Half of Minneapolis renters have unaffordable rent, paying more than 30% of their income toward it--with 26% of renters putting more than half their income to housing, according to Rise of the Renter Nation, a Right to the City report released by Occupy Homes MN today. While homeowners continue to lose their homes in record numbers, average rent in the Twin Cities has just passed $1,000. Many are unable to afford their housing easily or at all, especially in communities of color. 

A group of spirited Occupy Homes members and passerby brought those statistics to life in Hennepin County Government Center today, with an interactive game show called The Price is Wrong, which demonstrated the cycle of the housing crisis. With many homeowners still facing eviction, and rent prices skyrocketing, Twin Cities families are left with nowhere to go.  

Nationally, over 11 million people pay over half their income to housing costs alone. And costs are on the rise. Minneapolis tenant Caleb Murphey said he is told his rent is controlled by the market, meaning his rent keeps going up without any added amenities. “My rent shouldn't go up because they're building high-priced condos across the street. If my rent's going to go up, it's because I'm going to move into the high-priced condo across the street.”

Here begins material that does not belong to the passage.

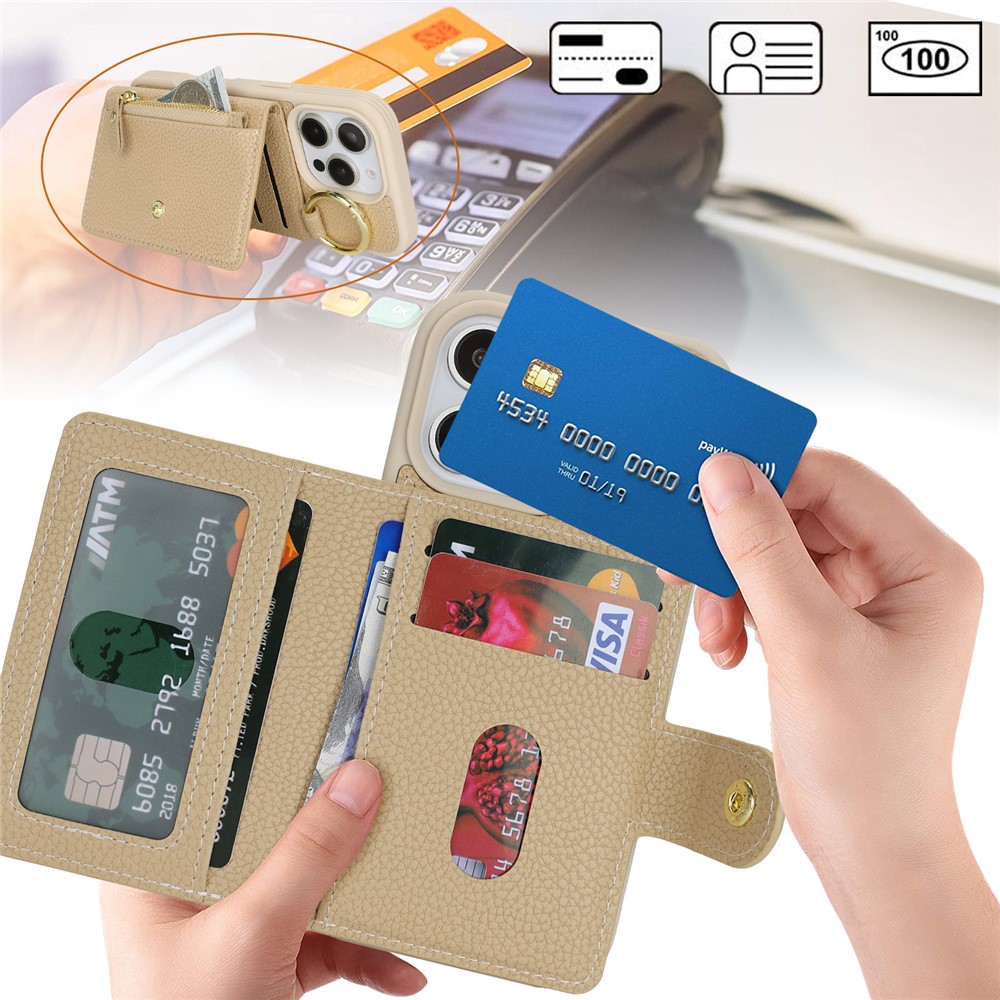 - Zipper Wallet with Multiple Card Slots Designed with a practical zipper wallet section and multiple card slots secured by a snap-button flap, making it easy to store your ID, credit cards, cash, or transit passes securely on the go

Sergio Ceballos has fought his foreclosure with Chase for over a year, but negotiations have stalled over the price of the home. "I want to be able to support my children with stable housing on the street they grew up on. All we ask for is a fair negotiation, to sell my home back to me so that I can continue to pay for my home,” said Sergio. “It is terrible that JPMorgan is pulling the same trick on our country that it is pulling on me! First they negotiate, then they retreat before sealing the deal. We cannot stand for this, we must act."

Ceballos' struggle as a homeowner was linked to the increased struggle of renters in our gentrifying city. “We're working to bring together tenants and homeowners in our communities to fight back against the injustices they have both suffered at the hands of Wall Street,” said Occupy Homes organizer Antoine Martinneau, who was homeless for two years before moving into an apartment earlier this month.

The report calls for democratically controlled community land trusts to provide long-term affordable housing. 

“What's happening to the housing and rent crisis in the Twin Cities is absolutely unconscionable,” said Jaymie Kelly, fighting her foreclosure with Freddie Mac. “The crash is not over yet. So many people are recovering and not recovering well. We need to make rents affordable. Everybody deserves to have access to affordable housing, and that's not happening.”